Durch den Einsatz von time-lapse Experimenten in Kombination mit cell-tracking Software könnte das Einzelzellschicksal von Zellen im induzierten Zustand für die iol-Genexpression über einen längeren Zeitraum verfolgt werden. Durch die Berechnung der Teilungsrate mit simultaner Fluoreszenzabnahme in Echtzeit könnte der Hysterese-Effekt noch genauer charakterisiert werden. Der einfachste experimentelle Aufbau eines time-lapse Analyse könnte nach Jong et al. erfolgen, indem eine Salmonella-Kultur zu einer OD600 von 0,01 - 0,03 verdünnt und auf einem Agar-Pad aufgetragen wird (Jong et al., 2011).

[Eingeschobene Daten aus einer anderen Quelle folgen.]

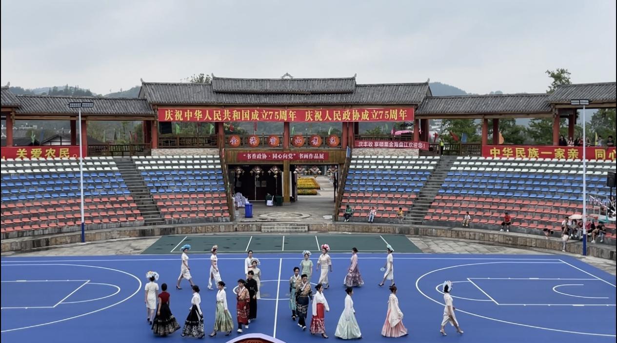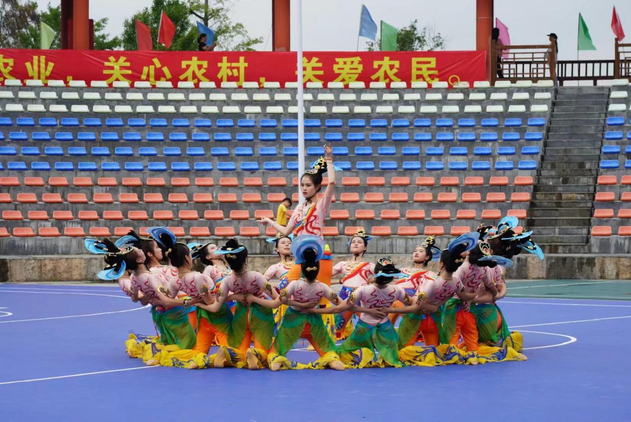 9月28日上午,金海雪山音寨演艺广场,阳光和煦,秋风送爽,丰收锣鼓随着缕缕桂香声声敲响。8181801威尼斯一百多名学子,踏着优美的旋律翩翩起舞,为乡村振兴文化活动注入了青春活力。

Nach der Anfertigung des mikroskopischen Präparates erfolgt die automatisierte Aufnahme von mindestens 10 markierten Positionen bzw. Bakterien an einem Fluoreszenzmikroskop. Für den Einsatz von mikrofluidischen Systemen müsste ein Flagella-defizienter Bakterienstamm von S. Typhimurium 14028 verwendet werden, damit die Salmonellen in den Kavitäten der Vorrichtung bleiben. Die Deletion des invA-Gens führt in Salmonella zu einem nicht-invasiven Phänotyp in Zellkulturanalysen und würde sich für den Einsatz in mikrofluidischen Systemen eignen (Galán et al., 1992).

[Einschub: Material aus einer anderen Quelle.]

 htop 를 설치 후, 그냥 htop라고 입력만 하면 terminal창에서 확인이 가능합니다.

Während der Versuchsdurchführung mit mikrofluidischen Systemen könnte durch einen ständigen Mediumwechsel zwischen MM mit MI und Glukose das Schicksal der Zellen im uninduzierten Zustand bei sich verändernden Umgebungsbedingungen verfolgt werden. Durch diesen Versuchsansatz könnte geklärt werden, ob die Zellen mit induzierter Genexpression die Zellen, die sich in einem uninduzierten Zustand der iol-Gene befinden, überwachsen oder ob letztere in einen induzierten Zustand aktiv wechseln.

Ausblick

124

Durch das Zusammentragen der Ergebnisse aus den zuvor erwähnten Versuchsbeschreibungen, wie z.B. die genaue Lokalisation der Bindestellen der Regulatoren innerhalb der GEI4417/4436, sowie dessen Affinitäten zu ihrer DNS-Zielstruktur, könnte in einer mathematischen Modellierung der molekulare Mechanismus der Bistabilität in seiner Komplexität dargestellt und die einflussnehmenden Faktoren identifiziert werden. Die Aufstellung eines mathematischen Modells ermöglicht aus einer Vielzahl von Möglichkeiten diejenige auszuwählen, die am ehesten zur phänotypischen Heterogenität führen kann. Bei diesem Modell handelt es sich um eine Vereinfachung, da nie der reale Vorgang mit all seiner Komplexität erfasst werden könnte. Durch ein qualitatives Modell könnte beispielsweise aufgeklärt werden, ob der molekularen Bindemechanismus des IolR-Repressors zur Bistabilität führen kann. In einem quantitativen Modell können Voraussagen der Werte von gewissen Variablen gemacht werden. Durch die Aufklärung der Bindungskinetik der Regulatoren der GEI4417/4436 und dessen Regulationsmechanismus, sowie die Identifizierung der DKGP-Konzentration, die für den Zustandswechsel erforderlich ist, können gewisse Variablen definiert werden. Es gilt zu klären, welche Faktoren die zelluläre Entscheidung eines Wechsels in den induzierten Zustand der iol-Genexpression in Salmonella beeinflusst und welche zellulären Komponenten für die Bistabilität verantwortlich sind.